The revelations were appalling but served as an eye-opener for the department and the community. Everyone was so focused on pointing fingers and casting blame. None of it was productive and if it hadn’t been for my rebellious determination to get to the bottom of it, more people could have been seriously hurt or killed.
The protesting mob that gathered outside eventually broke up and started planning vigils. The police chief would later face criticism from his own department for dropping the assault charges against Jacory. He did shoot three officers, after all. But I guess losing a leg and having to register as a sex offender was punishment enough. His face, distinguished by those orange contact lenses and his bald brazen build, made it difficult for him to fit in with any neighborhood. He’d eventually go on to leave the state and start a new life somewhere in the Southside of Chicago.
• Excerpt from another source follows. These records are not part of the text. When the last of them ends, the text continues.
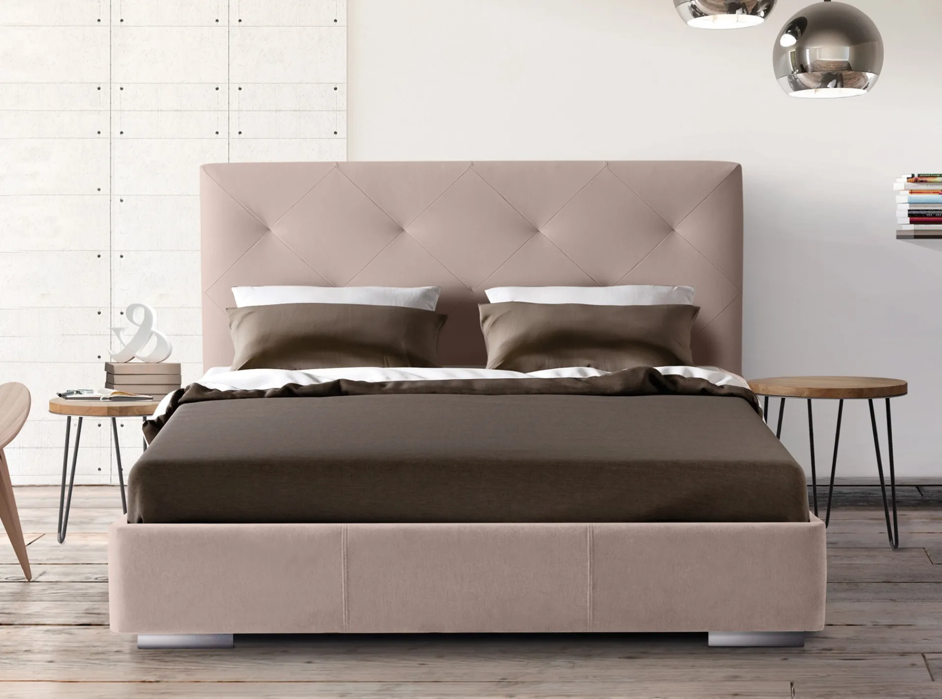 Tapizado en tela (92% poliéster + 8% nylon) acolchado a rombos con tiro.
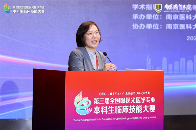 大賽競賽委員會副主任陳潔教授在致辭中指出,眼健康是“健康中國”戰略的重要內容,國家在“十三五”“十四五”期間連續發布《全國眼健康規劃》,習近平總書記多次對兒童青少年近視防控工作作出重要指示。在此背景下,全國眼視光醫學專業本科生臨床技能大賽搭建起高水平的競技平臺,不僅促進了院校間的學術交流與良性競爭,更為深化教育教學改革、創新人才培養模式提供了方向指引,為培養高素質視光醫學人才提供了實踐檢驗與創新發展的廣闊舞臺。
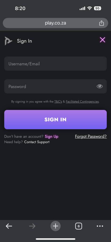 • Visit Play.co.za and log in using your registered email and password. If you don’t have an account yet, you’ll need to sign up first.
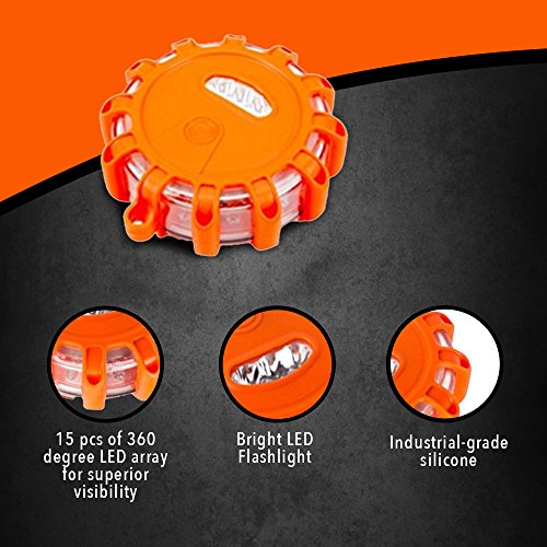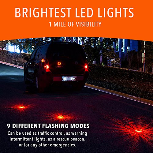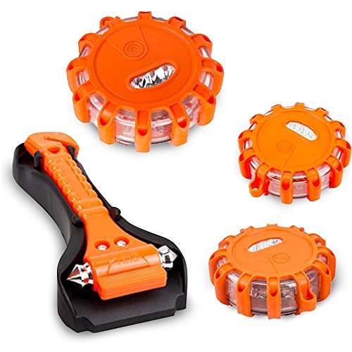 LED Road Flares | Set of 3 Waterproof, Industrial Grade lights with 9 Different Flashing Modes PLUS Safety Hammer Seat Belt Cutter/Window Breaker Escape Tool | Premium Roadside emergency kit

Jason Hicks would lose his job as a paramedic. In fact, the community would forever think twice every time they saw an ambulance parked near a school. It’s kind of sad actually, how a few bad eggs can tarnish an entire occupation.
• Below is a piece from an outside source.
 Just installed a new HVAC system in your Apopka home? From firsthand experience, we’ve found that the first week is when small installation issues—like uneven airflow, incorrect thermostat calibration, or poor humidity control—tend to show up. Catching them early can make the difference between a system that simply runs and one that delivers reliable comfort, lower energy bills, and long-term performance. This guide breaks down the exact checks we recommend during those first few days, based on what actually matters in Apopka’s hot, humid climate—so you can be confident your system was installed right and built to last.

Griffin was golden. His clean image and tall statuesque build made him the perfect poster child for the department. The chief credited him with Calvin’s apprehension and planned on giving him a promotion. Even on the news, it was Det. Griffin’s face beaming as the man who caught the Slave Quarter Killer. He was lead detective after all. Everyone praised him for staving off years of racial tension that threatened to proliferate throughout the state and possibly the entire nation. In every hallway and every bullpen, Griffin received a warm welcome and another round of applause. Yes, the police were proud to have him, a paragon of exemplary service.
As for me…I didn’t hear any applause. No one came to shake my hand and tell me, “good job.” I sat on the examination table of the 1st floor infirmary receiving medical attention from a nurse who was all too eager to go upstairs and meet the darling Griffin. She slaps on a cold methane pack where the butt of my own gun hit me. Even touching it with something as soft as gauze would cause half my face to flare up something fierce. I fear its an orbital fracture that would require surgery.
Nope. I’m just a wimp.
The nurse doesn’t make conversation. She doesn’t ask how I got the bruises or what I did during the night. She doesn’t care why I’m wearing a bulletproof vest or why my back’s covered in dirt. Even when she fetches a bottle of painkillers, she just puts it on the tray next to me and promptly leaves the room. She doesn’t return.
After a while, I slowly turn to look in the mirror. I’m like Quasimodo with this face. My left cheek looks like it’s about to give birth to a plum. If I took off my shirt, I’m sure it would look like the aftermath of a paintball fight. And as much as I needed to rest this body and let it heal…I can’t let things stand as is. I just can’t.